── DATA

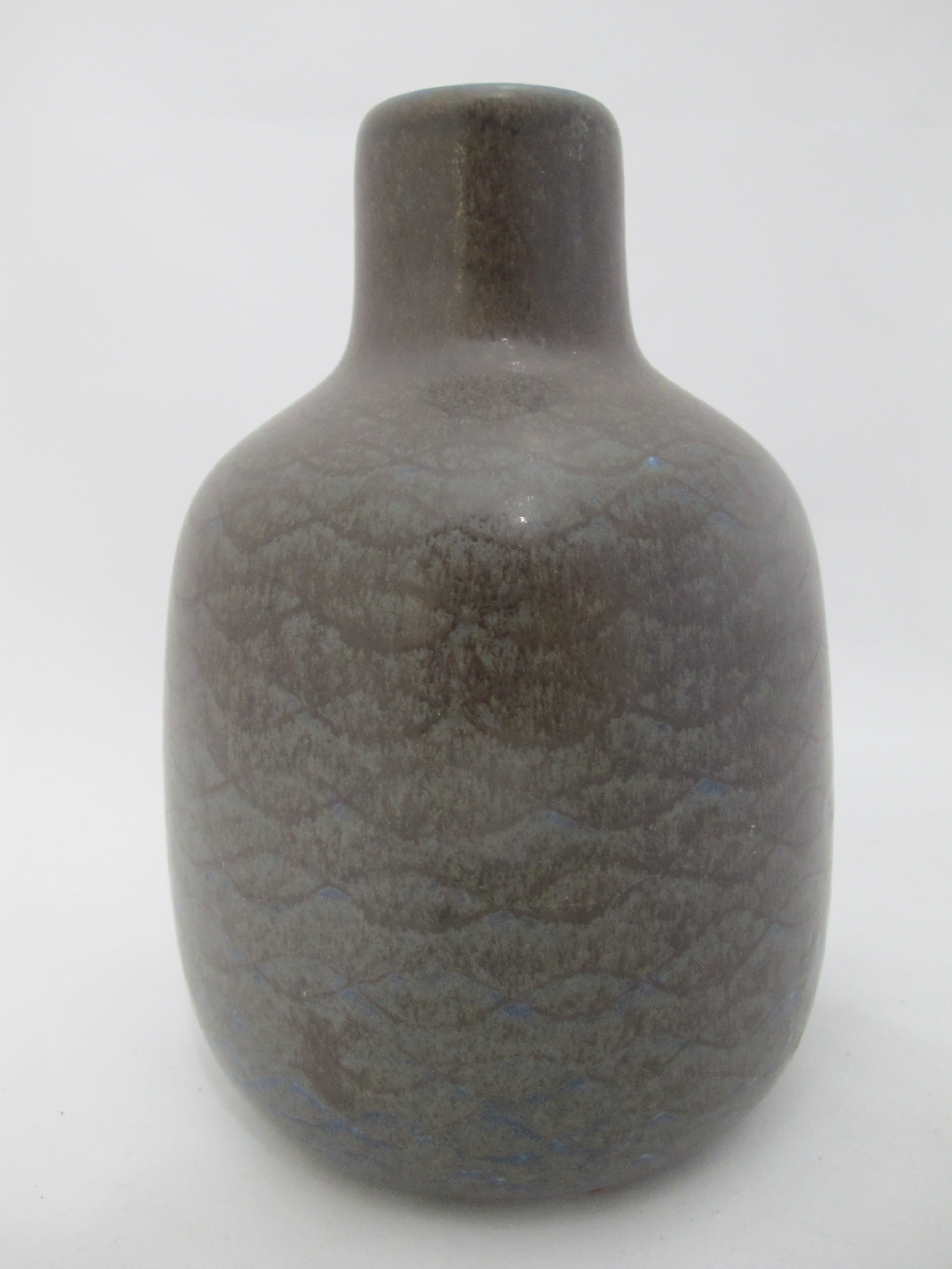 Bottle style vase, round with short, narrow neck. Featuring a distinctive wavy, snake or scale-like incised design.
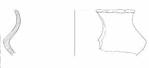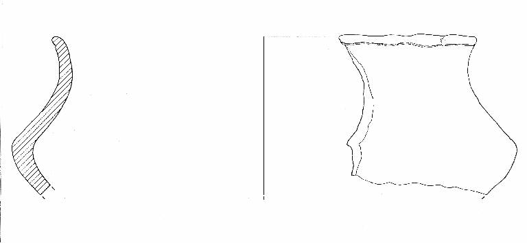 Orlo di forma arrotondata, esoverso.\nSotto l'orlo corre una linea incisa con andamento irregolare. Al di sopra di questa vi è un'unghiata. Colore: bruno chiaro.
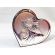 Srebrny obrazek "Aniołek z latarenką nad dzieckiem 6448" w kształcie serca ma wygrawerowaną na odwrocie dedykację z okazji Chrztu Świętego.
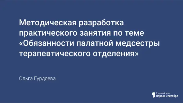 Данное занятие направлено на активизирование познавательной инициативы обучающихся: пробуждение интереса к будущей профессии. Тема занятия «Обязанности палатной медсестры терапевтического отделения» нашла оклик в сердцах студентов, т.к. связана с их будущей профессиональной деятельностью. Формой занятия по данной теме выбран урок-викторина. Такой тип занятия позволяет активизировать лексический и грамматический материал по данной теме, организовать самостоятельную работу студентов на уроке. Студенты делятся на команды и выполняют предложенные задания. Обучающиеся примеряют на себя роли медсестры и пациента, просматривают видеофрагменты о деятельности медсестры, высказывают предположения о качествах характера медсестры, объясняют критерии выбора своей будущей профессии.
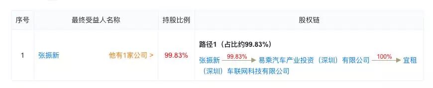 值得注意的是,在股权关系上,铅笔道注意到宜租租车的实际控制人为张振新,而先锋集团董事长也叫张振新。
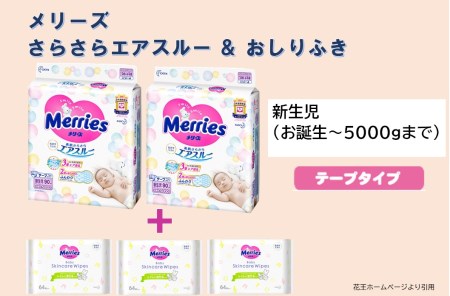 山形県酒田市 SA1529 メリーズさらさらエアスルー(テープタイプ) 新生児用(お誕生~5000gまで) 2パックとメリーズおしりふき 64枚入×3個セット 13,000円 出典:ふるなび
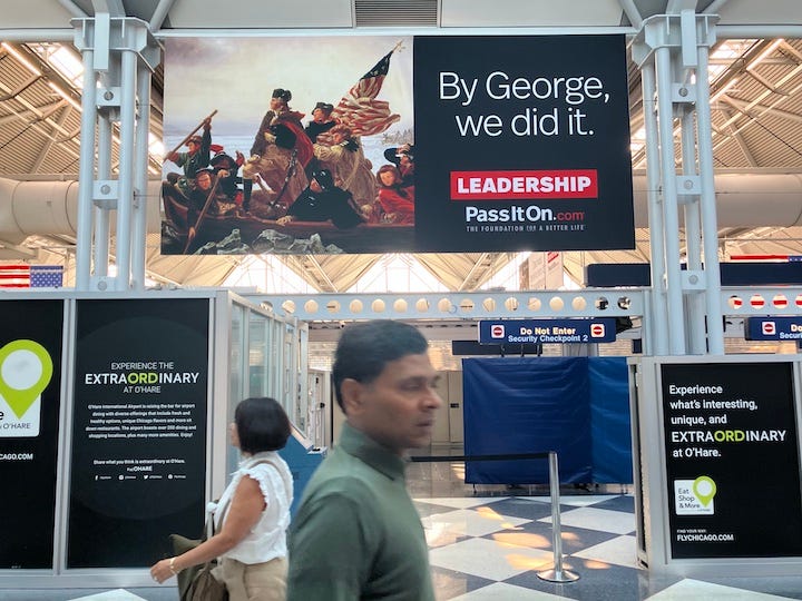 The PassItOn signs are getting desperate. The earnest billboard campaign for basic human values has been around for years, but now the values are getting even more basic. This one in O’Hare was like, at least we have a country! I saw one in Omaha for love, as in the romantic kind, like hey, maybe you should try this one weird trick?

────
── DATA

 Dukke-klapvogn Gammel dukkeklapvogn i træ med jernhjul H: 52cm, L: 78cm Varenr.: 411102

────

From the records above, return exactly the lines running from the one that contains "Данное занятие направлено" down to the one that contains "The PassItOn signs", both included, without any pictures.

 Данное занятие направлено на активизирование познавательной инициативы обучающихся: пробуждение интереса к будущей профессии. Тема занятия «Обязанности палатной медсестры терапевтического отделения» нашла оклик в сердцах студентов, т.к. связана с их будущей профессиональной деятельностью. Формой занятия по данной теме выбран урок-викторина. Такой тип занятия позволяет активизировать лексический и грамматический материал по данной теме, организовать самостоятельную работу студентов на уроке. Студенты делятся на команды и выполняют предложенные задания. Обучающиеся примеряют на себя роли медсестры и пациента, просматривают видеофрагменты о деятельности медсестры, высказывают предположения о качествах характера медсестры, объясняют критерии выбора своей будущей профессии.
 值得注意的是,在股权关系上,铅笔道注意到宜租租车的实际控制人为张振新,而先锋集团董事长也叫张振新。
 山形県酒田市 SA1529 メリーズさらさらエアスルー(テープタイプ) 新生児用(お誕生~5000gまで) 2パックとメリーズおしりふき 64枚入×3個セット 13,000円 出典:ふるなび
 The PassItOn signs are getting desperate. The earnest billboard campaign for basic human values has been around for years, but now the values are getting even more basic. This one in O’Hare was like, at least we have a country! I saw one in Omaha for love, as in the romantic kind, like hey, maybe you should try this one weird trick?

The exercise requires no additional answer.